Posterior: Using Bayes' theorem, the posterior is proportional to the likelihood times the prior. We can ignore the normalization constants for now:
The posterior probability of p, given the data, is proportional to (p⁷ times (1-p)³) multiplied by (p¹ times (1-p)¹).
Combining these terms by adding the exponents, the posterior is proportional to p⁸ times (1-p)⁴.
This is the kernel of another Beta distribution! Our posterior is Beta(9, 5). The update rule is simple: the new alpha is the prior alpha plus the number of heads (2+7), and the new beta is the prior beta plus the number of tails (2+3).

1.3 Code Example: Simulating Bayes' Theorem

We can illustrate Bayes' theorem with a simple simulation without using a dedicated library. We'll use a grid approximation.
Python

import numpy as np
import matplotlib.pyplot as plt
from scipy.stats import binom

# 1. Define the parameter grid
# We are approximating the continuous parameter 'p' with 1000 discrete points
p_grid = np.linspace(0, 1, 1000)

# 2. Define the prior
# We use a uniform prior, meaning we initially believe all values of p are equally likely.
# This is a Beta(1, 1) distribution.
prior = np.repeat(1, 1000)

# 3. Compute the likelihood at each grid point
# Data: 7 heads in 10 tosses
likelihood = binom.pmf(k=7, n=10, p=p_grid)

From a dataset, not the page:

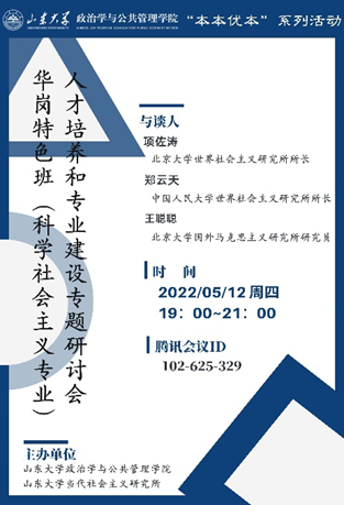 2022年5月12日晚,澳门网投官方网站、澳门网投官方网站当代社会主义研究所召开华岗特色班(科学社会主义专业)人才培养和专业建设专题研讨会。会议由澳门网投官方网站副院长赵婷主持,北京大学世界社会主义研究所所长项佐涛老师、中国人民大学世界社会主义研究所所长郑云天老师和北京大学国外马克思主义研究所研究员王聪聪老师作为与谈人,澳门网投官方网站华岗特色班(科学社会主义专业)的本科生参与此次研讨会。

# 4. Compute the unnormalized posterior
# Posterior is proportional to likelihood * prior
unstd_posterior = likelihood * prior

# 5. Normalize the posterior so it sums to 1
posterior = unstd_posterior / np.sum(unstd_posterior)

# Plotting the results
plt.figure(figsize=(8, 4))
plt.plot(p_grid, posterior, label="Posterior Distribution")
plt.xlabel("Probability of Heads (p)")
plt.ylabel("Posterior Density")
plt.title("Grid Approximation of the Posterior for a Coin Flip")
plt.legend()
plt.show()
This code calculates the posterior probability for each possible value of p in our grid, showing a peak around 0.7, which is our most likely estimate for the coin's bias given the data.